Kultur, im klassischen Sinne, verstanden als Geist, Schöpfungs, Bildungs - und Werteprinzip, dient ihrem Denkansatz und ihrer Ausübung nach zu dem was menschliche Seinsverwirklichung und Entwicklung ausmacht. Ihrem Wesen nach ist Kultur im klassischen Sinne die komplexeste Form menschlicher Veredelung mit dem Ziel einer bewussten, kultivierten (gepflegten) menschlichen Lebensweise (im Sinne von: was der Mensch sein könnte in Denken und Handeln, individuell und kollektiv, d.h. im Umgang mit sich selbst und anderen.

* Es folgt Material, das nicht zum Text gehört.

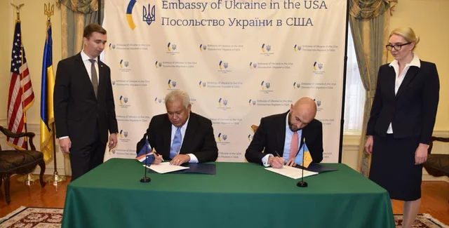 Отмечается, что документ был подписан временным поверенным в делах Украины в США Андреем Ваневским и послом Маршалловых островов в США Джеральдом Закиосом.

Die Fülle der Subkulturen (aus der z.B. die Vereinigten Staaten geradezu bestehen, wo Fast Food, z.B. Hamburger zum „Kulturgut“, im Sinne von Esskultur, mutiert ist) führt nicht zu menschlicher „Veredelung“ – sie führt wie in diesem Beispiel zur Verfettung eines ganzen Volkes. Diese Art von Kultur wendet sich u.a. gegen das Prinzip mens sana in corpero sano (ein gesunder Geist in einem gesunden Körper).

Subkulturen, die heute allgemein als Kultur empfunden werden, haftet oft Ungesundes und Destruktives an. Wie am Beispiel Fast Food zu sehen ist. Ungesundes und Destruktives zeigt sich auch in TV- Formaten, in welchen freiwillige Protagonisten „vorgeführt“ und im schlimmsten Fall der Lächerlichkeit preisgegeben werden. Auf diese Weise werden sukzessiv menschliche, ethische und moralische Werte wie Respekt und Toleranz im Rahmen eines Medienspektakels zerstört und letztlich zerschlagen.

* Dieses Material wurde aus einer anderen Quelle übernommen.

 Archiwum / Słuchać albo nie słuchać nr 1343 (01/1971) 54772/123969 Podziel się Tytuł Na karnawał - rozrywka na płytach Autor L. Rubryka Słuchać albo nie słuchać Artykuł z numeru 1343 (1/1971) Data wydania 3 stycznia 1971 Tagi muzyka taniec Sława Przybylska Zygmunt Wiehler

Interessant dabei, am Rande bemerkt, ist der Aspekte des Opfer- Täter -Themas, das sich hier relativiert und verkehrt. Mittels dieses Wahrnehmungsstimulus wird suggeriert: Wer freiwillig handelt ist kein Opfer. Der in der Tat „handelnde“ Protagonist wird aber vom Publikum dennoch als solches wahrgenommen, verachtet, bemitleidet oder verurteilt. Die „Täter“ (die Moderatoren) werden überwiegend bewundert. Wer ist hier Täter und wer ist Opfer, oder sind beide Beides und wer sind die wahren Täter?

Kausal sind diese Verhältnisse einer verdrehten Scheinwelt von jenen inszeniert, die derartige Sendungen kreieren. Nachdenkenswert ist die Frage: Aus welcher Motivation heraus und mit welcher Absicht werden solche Formate entwickelt und von den verantwortlichen Entscheidern abgesegnet?

Die degenerative Beeinflussung der Gedanken- und Gefühlswelt eines Volkes als kulturelles Massenprogramm? Ist das Kultur?

Die subkulturelle Macht der Medien wird unterschätzt: Aufgrund ihrer Verbreitung in Millionen Haushalte sind Fernsehen und Internet nahezu allmächtig und nur durch konsequentes Selektieren des Einzelnen (was will ich sehen, was nicht?) kontrollierbar. Aber, wie bewusst ist der Einzelne?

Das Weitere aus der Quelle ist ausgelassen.